Norwegian comics artist

Christopher Nielsen (born 20 April 1963 in Oslo) is a Norwegian comics artist. He is especially known for his subcultural depictions. Nielsen got his first comics printed in 1980 after entering a competition in the Norwegian anarchist magazine, Gateavisa. Only three years later he got his first album published. Generally he works in a rough and direct style, inspired by the American underground comix tradition.
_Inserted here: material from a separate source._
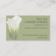 Ce carte de visite affiche une belle photo de Calla Lilies. La carte frontale offre un espace suffisant pour votre nom d'entreprise et votre ligne de balise. L'arrière offre de l'espace pour les informations de contact et affiche une section plus petite des lis. L'exemple utilisé pour la carte est celui d'un magasin de fleurs, mais il pourrait être utilisé pour des planificateurs nuptiaux ou des propriétaires de boutique. Photo et design ©Vann-Horn Photo et design créatifs.

His most famous cartoon, To Trøtte Typer (Two Wasted Wankers), depicts the life of the two drug users and petty criminals Odd and Geir living their relatively boring lives in Oslo, Norway. This cartoon has been made into a feature for television, running for 13 episodes plus a Christmas special. They also star in the animated movie Free Jimmy (Slipp Jimmy Fri) along with several others of Nielsen's more famous characters. Another well-known character is the notorious Hold Brillan (Hold My Glasses), a huge "redneck"-like character who terrorizes his so-called mates and always gets into fights. Thus "Hold My Glasses" - he cannot fight with them for fear of breaking them.

Christopher Nielsen is the brother of late musician Joachim Nielsen. He drew all of the album covers for his brothers band, Jokke & Valentinerne, except one due to the artist being in India on holiday.